--- Data excerpt ---

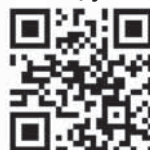
СКЕНИРАЈТЕ КОД МОБИЛНИМ ТЕЛЕФОНОМ
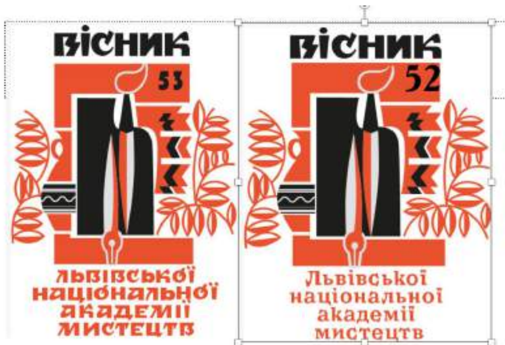
Рис. 4 Обкладинка «Вісник Львівської національної академії мистецтв»/

форми (прямокутники, коло) та орнаментальні мотиви – вона виконує роль логотипа журналу. Поряд великими літерами написано слово «Вісник» і номер випуску; унизу – назва академії. Композиція побудована за принципом центрування: емблема в центрі, навколо неї симетрично розташовано текстові блоки. Чорно-червона кольорова гама на білому тлі створює виразний контраст і відсилає до традицій українського графічного дизайну та книжкової графіки. Типографіка обкладинки вирізняється використанням авторського шрифту з художніми елементами – назва виконана у стилізованому шрифтовому рисунку, що підсилює художній характер видання. Таким чином, «Вісник ЛНАМ» вибудовує власний візуальний образ через символіку (емблему) та оригінальний шрифт, асоціюючи видання з академічним мистецтвом Львова [9, 10].

---

What you are asked to do =>
Print the material in full and exactly, minus the pictures.

Response to this exercise =>
СКЕНИРАЈТЕ КОД МОБИЛНИМ ТЕЛЕФОНОМ
Рис. 4 Обкладинка «Вісник Львівської національної академії мистецтв»/

форми (прямокутники, коло) та орнаментальні мотиви – вона виконує роль логотипа журналу. Поряд великими літерами написано слово «Вісник» і номер випуску; унизу – назва академії. Композиція побудована за принципом центрування: емблема в центрі, навколо неї симетрично розташовано текстові блоки. Чорно-червона кольорова гама на білому тлі створює виразний контраст і відсилає до традицій українського графічного дизайну та книжкової графіки. Типографіка обкладинки вирізняється використанням авторського шрифту з художніми елементами – назва виконана у стилізованому шрифтовому рисунку, що підсилює художній характер видання. Таким чином, «Вісник ЛНАМ» вибудовує власний візуальний образ через символіку (емблему) та оригінальний шрифт, асоціюючи видання з академічним мистецтвом Львова [9, 10].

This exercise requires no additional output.